How to Solve Average Age of a Group Problems
Solve average age of a group aptitude problems using total-age tracking for replacements and time passing, with a worked example and practice.
Expected Interview Answer
Average age of a group problems are solved the same way as any averages problem — convert average age to a total age (Total = Average × Count), apply the change described (someone joins, leaves, or is replaced, or the whole group ages by a fixed number of years), then divide the new total by the new count.
The one twist specific to age is that when time passes, every member’s age rises by the same amount, so the group’s total age rises by (years passed × count), and the average shifts by exactly that same number of years — the average itself does not need every individual age recomputed. When a member leaves or a new one joins, only the total and count change, and the age-passing effect and the membership-change effect can be combined by handling them in two clean steps rather than one tangled equation. Always keep total age and count as two separate tracked quantities rather than trying to reason about the average directly.
- Separates the “time passes” effect from the “membership changes” effect
- Total age tracking avoids errors from reasoning about averages directly
- Extends the general averages method (Sum = Average × Count) to a specific, testable case
AI Mentor Explanation
A squad’s average age today is a total-age-divided-by-headcount figure just like a batting average is total runs over innings. If one veteran retires and a younger player joins, only the squad’s total age and count change — the average shifts based on the difference between the outgoing and incoming player’s ages divided by the squad size, not by recomputing every player’s age. This mirrors exactly how any averages problem is solved: track the total, apply the change, divide once.
Worked example (member replaced)
Original group
- 10 people, avg 24
- Total = 240
Replacement
- Remove 35, add 15
- New total = 220
New average
- 220 / 10 = 22
Step-by-Step Explanation
Step 1
Convert average age to total age
Total = Average age × Group size for the starting group.
Step 2
Apply the described change
Add, remove, or replace ages directly on the total, or add (years × count) if time passes.
Step 3
Update the count if needed
Membership changes alter the count; a group aging over time does not.
Step 4
Divide once for the new average
New Average = New Total ÷ New Count.
What Interviewer Expects
- Correct total-age conversion before applying any change
- Distinguishing a membership change from a time-passing change
- Correct handling of replacements as remove-then-add on the total
- Dividing by the correct, possibly updated, count
Common Mistakes
- Forgetting that when time passes, the total rises by (years × count), not just years
- Using the old count after a member joins or leaves
- Averaging the outgoing and incoming ages directly instead of adjusting the total
- Confusing a replacement (net total change) with a simple addition
Best Answer (HR Friendly)
“I treat it as a standard averages problem: convert the average age to a total by multiplying by the group size, apply whatever change is described directly to that total, update the count if membership changed, and divide once at the end.

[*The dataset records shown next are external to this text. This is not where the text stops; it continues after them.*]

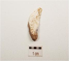| Description / विवरण | A chalcedony blade with mid ridge on dorsal, triangular in section and use wear marks on cutting edge. |
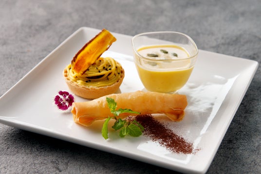 安納芋のモンブラン、リンゴ春巻き、南瓜のココナッツミルク
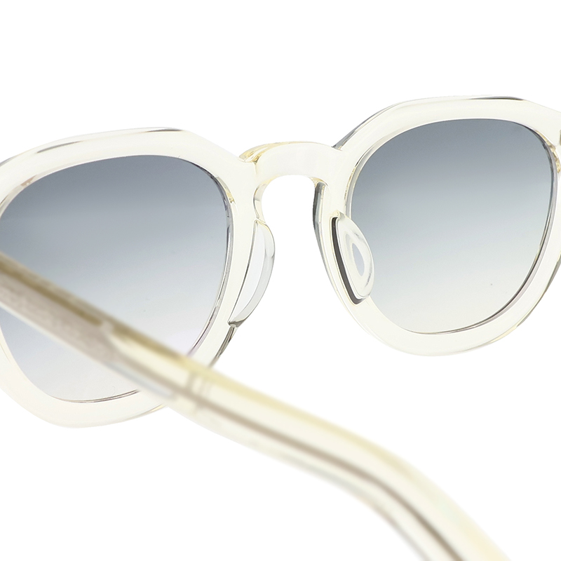 ウェリントンとクラウンパントの中間的なレンズシェイプとホーンリムを融合させたサングラス。

The only age-specific wrinkle is that when the whole group simply gets older by n years, the total rises by n times the count, which shifts the average by exactly n years.”
Follow-up Questions
- How does the average age change if the whole group ages by 5 years with no membership change?
- How would you handle two replacements happening at once?

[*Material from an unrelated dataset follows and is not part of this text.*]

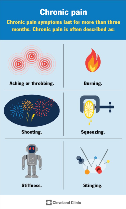 If you haven’t already read our blog about chronic pain, check that out here. This article from Cleveland Clinic breaks down chronic pain causes and the different types of experiences with chronic pain.
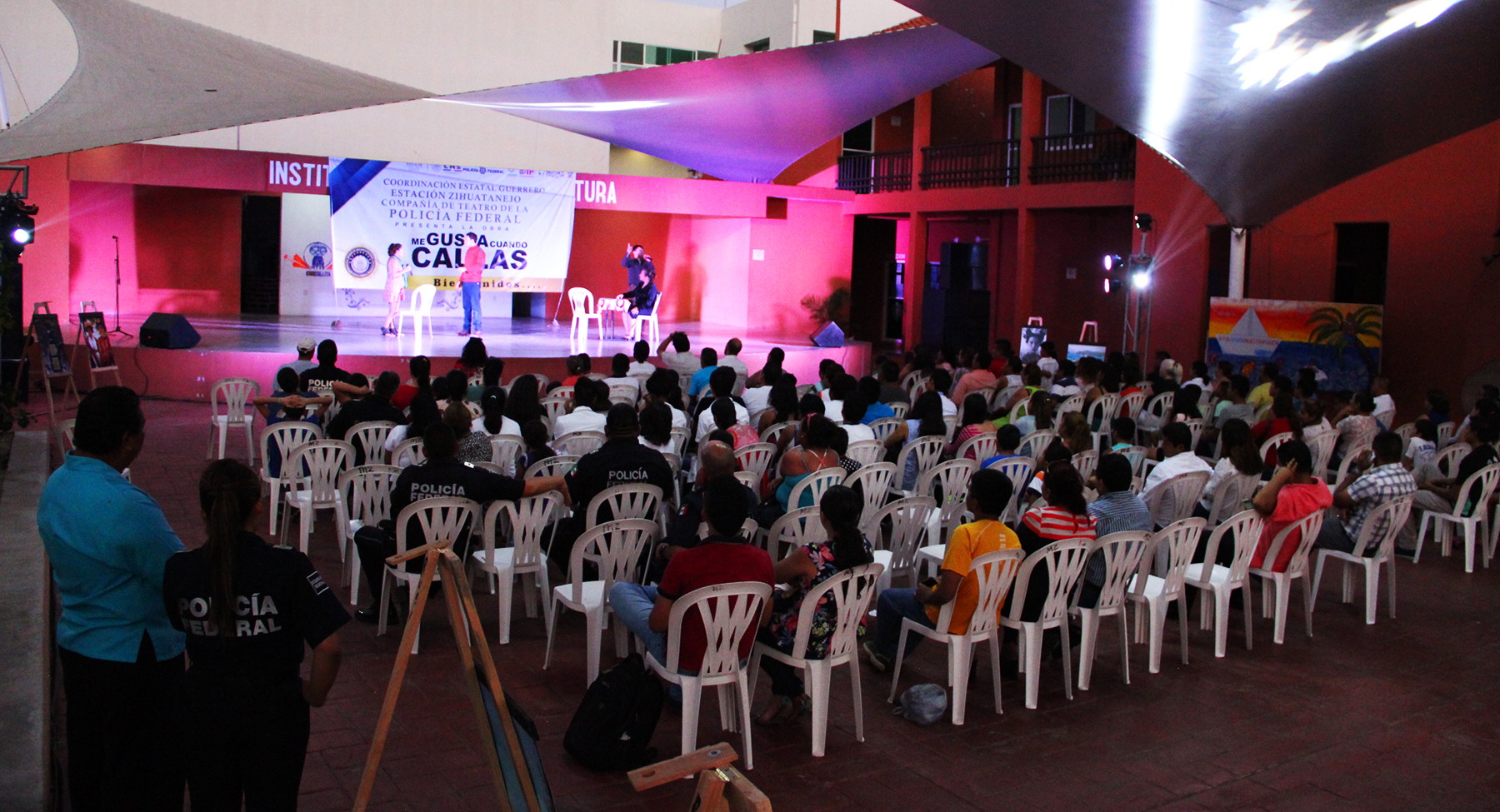 El pasado viernes en la explanada de la Casa de la Cultura se presentó la obra Me gusta cuando callas por parte de la compañía de Teatro de la Policía Federal en conjunto con la Coordinación Estatal Guerrero y la Estación Zihuatanejo de dicha corporación, cuya temática principal fue la prevención al Alcoholismo. En esta puesta teatral donde el Ayuntamiento que encabeza el presidente Gustavo García Bello ofreció todas las facilidades para que fuera posible la realización, estuvieron los directores Francisco Javier Urrutia Quintana, Marcela López Salgado, Cira Martínez Petatan, Luciano Pineda Quiroz del Instituto Municipal de la Cultura, DIF municipal, INMMUJER y Registro Civil, respectivamente, así como el Inspector Mauricio Garcidueñas Ramírez titular de la Estación de Zihuatanejo de la Policía Federal, Griselda Méndez Ayvar, titular del Enlace de Vinculación Social y elementos de esta corporación.

- What if the problem gives the new average instead of asking for it?
- How is this different from a simple averages problem with no age-specific context?
MCQ Practice
1. The average age of a group of 12 people is 30. If a person aged 45 leaves and a 21-year-old joins, the new average age is?
Old total = 360. New total = 360 − 45 + 21 = 336. New average = 336/12 = 28.
2. The average age of a family of 5 today is 26. What was the average age of the family 4 years ago (same 5 members)?
Total drops by 4×5=20 years going back 4 years: 130−20=110, average = 110/5 = 22.
3. A class of 20 students has average age 15. Five students, average age 18, leave. The average age of the remaining 15 is?
Original total = 300. Leaving students total = 90. Remaining total = 210. Average = 210/15 = 14.
Flash Cards
Core method for average age of a group? — Convert to total age (Average × Count), apply the change, divide once by the new count.
Effect of the whole group aging by n years? — Total rises by n × count; the average itself rises by exactly n years.
How to handle a replacement? — Subtract the outgoing age and add the incoming age to the total; count stays the same.
Why not average the outgoing and incoming ages directly? — Because the change must be applied to the total, not blended as an average of two ages.